_Instructions for the task_
Pictures aside, copy exactly the lines running from the one with "現年58歲的陳錦鴻曾為TVB" to the end of the records.

----- Supplied data

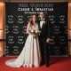Erleben Sie ein echtes "VIP"-Erlebnis auf Ihrer Hochzeitsfeier mit diesem professionellen Step-and-Repeat-Fotohintergrund! Inspiriert von Sponsor-Wänden bei Konzerttourneen und Roten-Teppich-Events, bietet dieser großformatige Fotobooth-Hintergrund ein stilvolles Monogramm und ein Hochzeitsdatum-Muster in Weiß auf Schwarz.
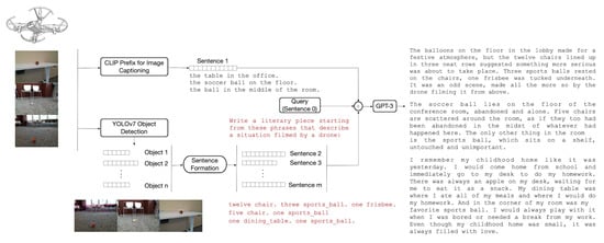 We propose a general pipeline for UAV real-time literary storytelling (see Figure 2) that is based on the previously described captioning technique that utilizes CLIP prefix captioning [4,5,28] and that combines the obtained sentence trained with Conceptual Captions [29] with detections given by YOLOv7 [6]. The output of the object detector is processed by a module of sentence formation such that it can be fed into a GPT-3 module, which provides an enhanced literary description. A query formulating the task to be determined by GPT-3 is needed. The system can work in real time on the streaming frames of the vehicle or as a post-processing module once the UAV has landed.
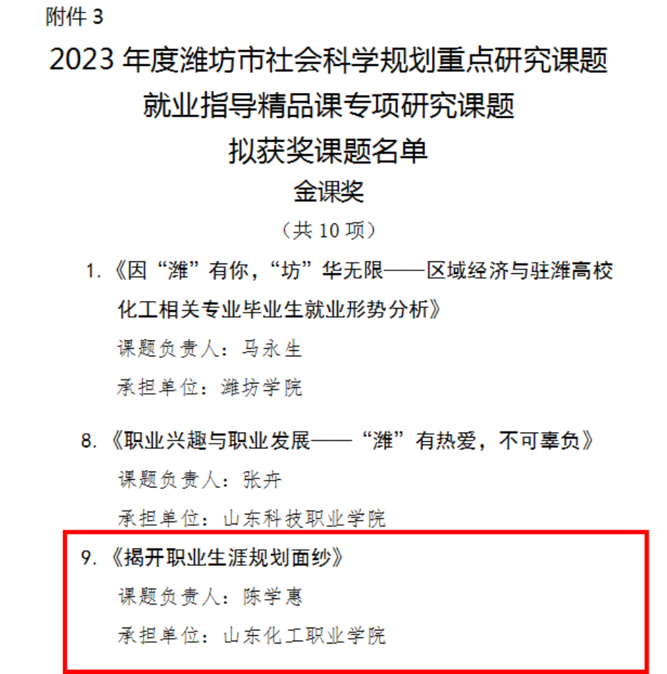 近日,由潍坊市社会科学界联合会举办的2023年度潍坊市社会科学规划重点研究课题、专项研究课题发布了拟结项名单、优秀课题和获奖课题名单公示,“就业指导精品课”专项课题共有80项通过鉴定结项,30项获奖,其中获金课奖10项,银课奖10项,优秀建设奖10项。化学工程学院陈学惠、王欣项目团队申报的《揭开职业生涯规划面纱》荣获金课奖,获奖课程同步发布在青桔创课平台。
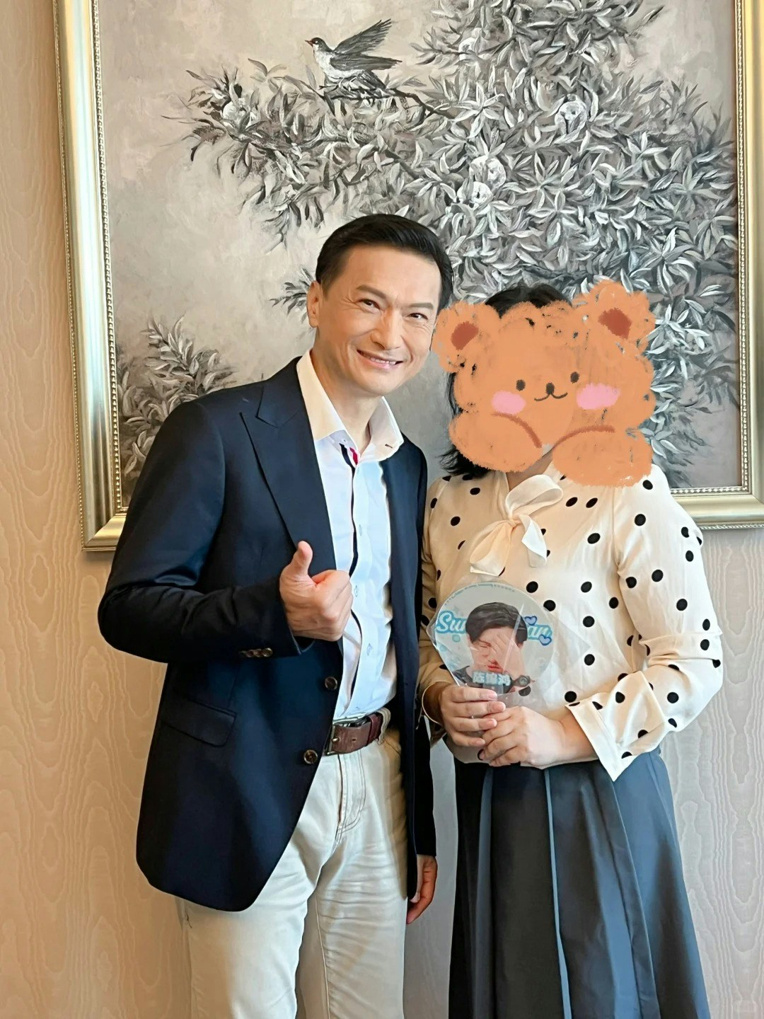 現年58歲的陳錦鴻曾為TVB當家小生,曾參演不少劇集,包括《創世紀》、《刑事偵緝檔案IV》等,塑造了無數經典角色,但他一度為了照顧自閉症兒子而息影,直至近年低調復出,主力在內地登台吸金。早前有網民在社交平台曬出與陳錦鴻的合照,並寫道:「好喜歡鴻哥拍的《創世紀》。」相中所見,身穿Polo短袖、戴着黑框眼鏡的陳錦鴻,氣質儒雅,他更笑容滿面地搭住對方膊頭合照,相當親民!
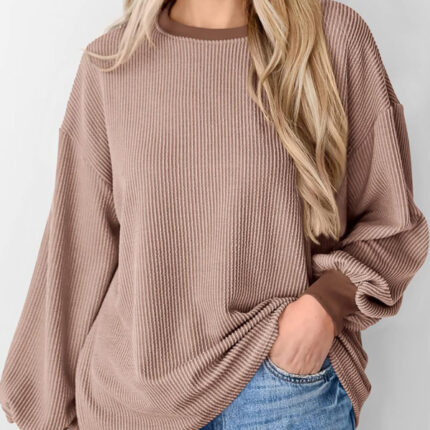 New textured small pit stripe loose long-sleeved T-shirt top fashionable casual sweatshirt

----------

_Response area_
 現年58歲的陳錦鴻曾為TVB當家小生,曾參演不少劇集,包括《創世紀》、《刑事偵緝檔案IV》等,塑造了無數經典角色,但他一度為了照顧自閉症兒子而息影,直至近年低調復出,主力在內地登台吸金。早前有網民在社交平台曬出與陳錦鴻的合照,並寫道:「好喜歡鴻哥拍的《創世紀》。」相中所見,身穿Polo短袖、戴着黑框眼鏡的陳錦鴻,氣質儒雅,他更笑容滿面地搭住對方膊頭合照,相當親民!
 New textured small pit stripe loose long-sleeved T-shirt top fashionable casual sweatshirt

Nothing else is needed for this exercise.